**Extracted records:**
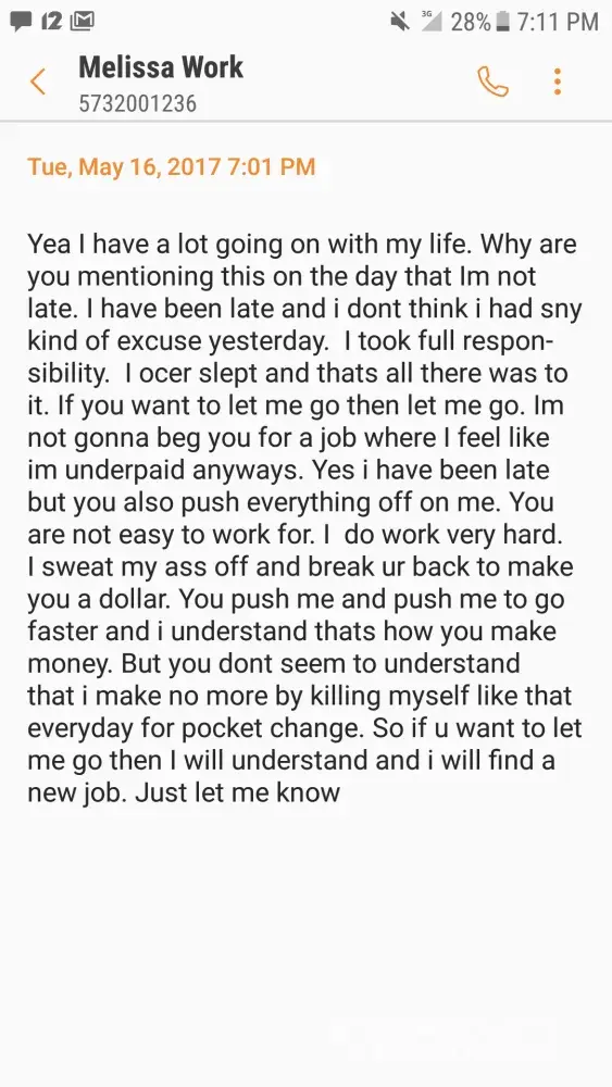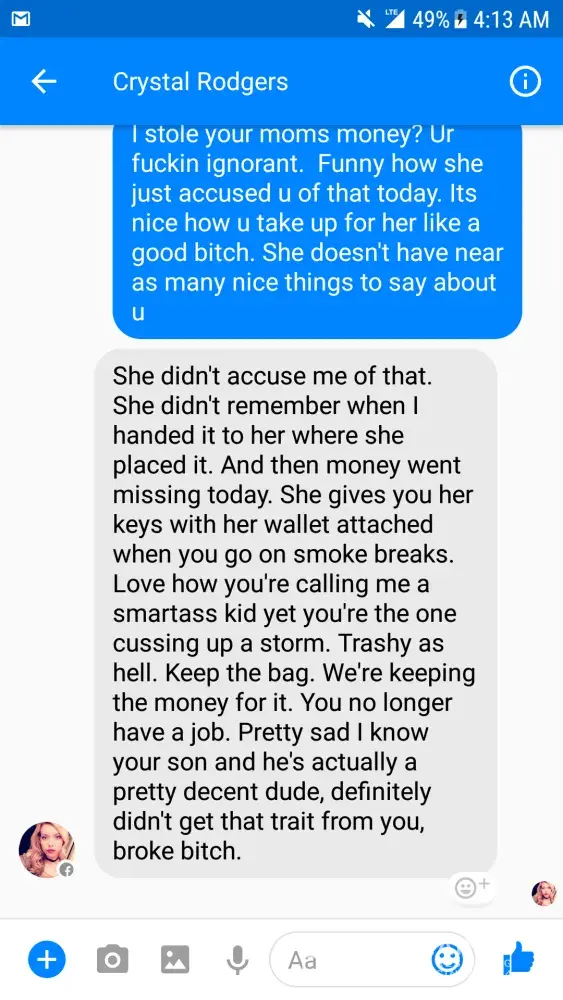 I attended a "free facial" party with Melissa Simms and Crystal Rodgers. I purchased 2 travel bags. Melissa was also my boss at the time. Crystal is Melissa daughter. I was told during this party that i could make whatever pay arrangement i felt i could afford. I agreed to do $50 a month. Melissa decides to take it upon herself to take $50 to $70 wach wwek from my check until the first one was paid off. Even after me stating several times tgat this was way over my budget considering the fact that i had now become homeless. I without a choice paid the first bag off within a month. The second bag we had agreed would come off my child support card on the 5th of each month . I didn't receive child support for the month of may and melissa and i were having issuesof our own. Mainly over me being late for work. I decided to go ahead and tell her i no longer wanted ro work for her. So atthis point Melissa decides to confiscate my whole check for payment. She also had her daughter messaging me letting me know hiw worthless i am and then accused me of stealing from her. Even after the accusations she still wanted me to work for her. This is not right. I can't take care of my children this week because she decided to take all of my money and pay way more than what we agreed
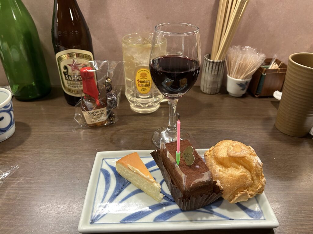 那須の御用邸のチーズケーキ、GODIVAのチョコレートケーキ、そして私のビアードパパのシュークリームと、おっさん3人、3様のスイーツを披露。そしてお店の方が、お誕生日ケーキ用のローソクと赤ワインまで用意していただき、皆んなでハッピバースデーの合唱です。 まさかこんな素敵なお誕生会になるとは、、、、。 お店の方も、居合わせた常連さんも、そして誕生日を迎えた3人のおっさんも、みんな幸せそうな笑顔が溢れていました。
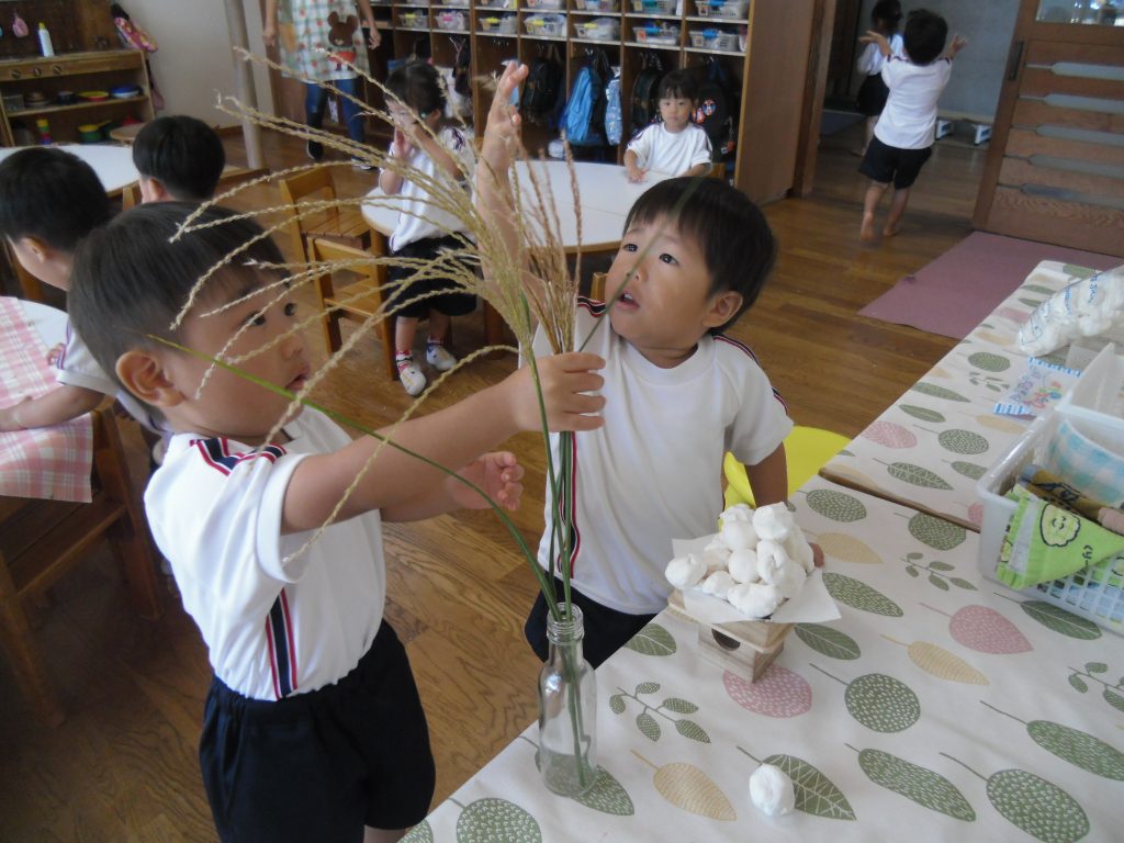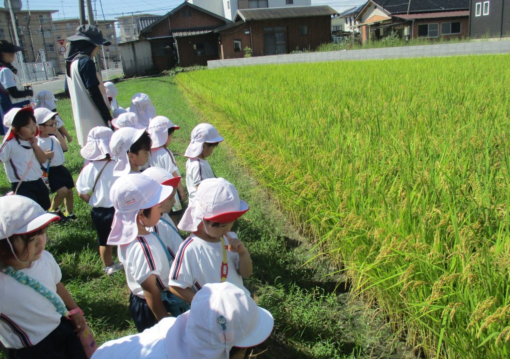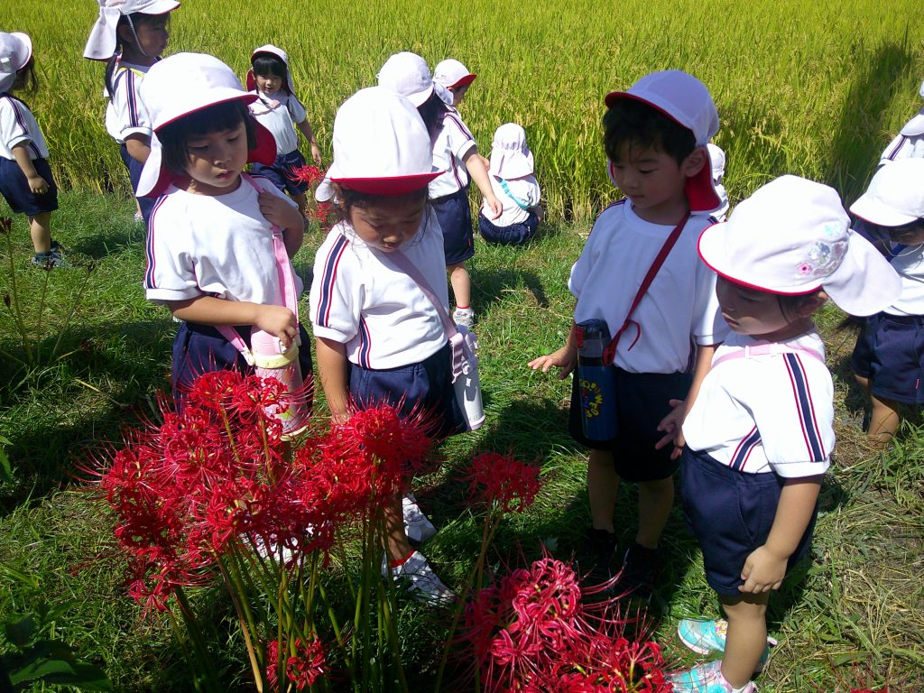 彼岸花や稲穂をとても近くで見ることができました。「おうちの近くでも見たことあるよー」とお話してくれる姿や「きれいだね」」とお友達とお話する姿が見られました。
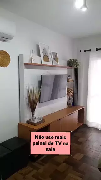 Não invista em painel de TV pronto para sua sala. Se puder faça um painel do tamanho da parede todaou use um rack com prateleira, como no meu caso. Dessa forma terá mais amplitude no espaço. #decoração #casa #sala #homedecor #dicasdecasa
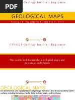 rock units (their strike and dip) and the location of folds or faults that affect the rocks.
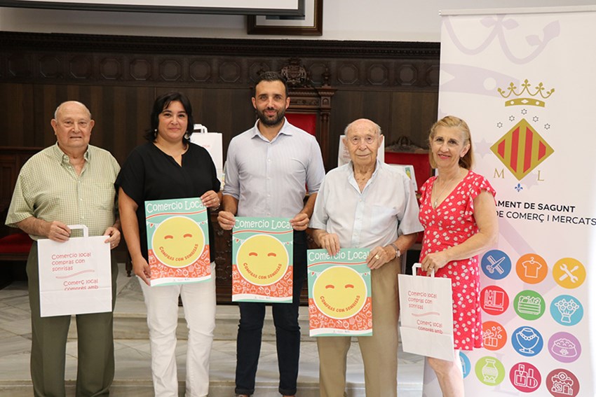 Hoy, en el salón de plenos del Ayuntamiento de Sagunto, se ha presentado la campaña con la participación del alcalde de Sagunto, Darío Moreno; la concejala de Comercio y Mercados, Natalia Antonino, y de diversos representantes de las asociaciones de comerciantes del municipio.

**Assigned task:** Copy each entry above exactly; drop the pictures.

**Exercise solution:**
 I attended a "free facial" party with Melissa Simms and Crystal Rodgers. I purchased 2 travel bags. Melissa was also my boss at the time. Crystal is Melissa daughter. I was told during this party that i could make whatever pay arrangement i felt i could afford. I agreed to do $50 a month. Melissa decides to take it upon herself to take $50 to $70 wach wwek from my check until the first one was paid off. Even after me stating several times tgat this was way over my budget considering the fact that i had now become homeless. I without a choice paid the first bag off within a month. The second bag we had agreed would come off my child support card on the 5th of each month . I didn't receive child support for the month of may and melissa and i were having issuesof our own. Mainly over me being late for work. I decided to go ahead and tell her i no longer wanted ro work for her. So atthis point Melissa decides to confiscate my whole check for payment. She also had her daughter messaging me letting me know hiw worthless i am and then accused me of stealing from her. Even after the accusations she still wanted me to work for her. This is not right. I can't take care of my children this week because she decided to take all of my money and pay way more than what we agreed
 那須の御用邸のチーズケーキ、GODIVAのチョコレートケーキ、そして私のビアードパパのシュークリームと、おっさん3人、3様のスイーツを披露。そしてお店の方が、お誕生日ケーキ用のローソクと赤ワインまで用意していただき、皆んなでハッピバースデーの合唱です。 まさかこんな素敵なお誕生会になるとは、、、、。 お店の方も、居合わせた常連さんも、そして誕生日を迎えた3人のおっさんも、みんな幸せそうな笑顔が溢れていました。
 彼岸花や稲穂をとても近くで見ることができました。「おうちの近くでも見たことあるよー」とお話してくれる姿や「きれいだね」」とお友達とお話する姿が見られました。
 Não invista em painel de TV pronto para sua sala. Se puder faça um painel do tamanho da parede todaou use um rack com prateleira, como no meu caso. Dessa forma terá mais amplitude no espaço. #decoração #casa #sala #homedecor #dicasdecasa
 rock units (their strike and dip) and the location of folds or faults that affect the rocks.
 Hoy, en el salón de plenos del Ayuntamiento de Sagunto, se ha presentado la campaña con la participación del alcalde de Sagunto, Darío Moreno; la concejala de Comercio y Mercados, Natalia Antonino, y de diversos representantes de las asociaciones de comerciantes del municipio.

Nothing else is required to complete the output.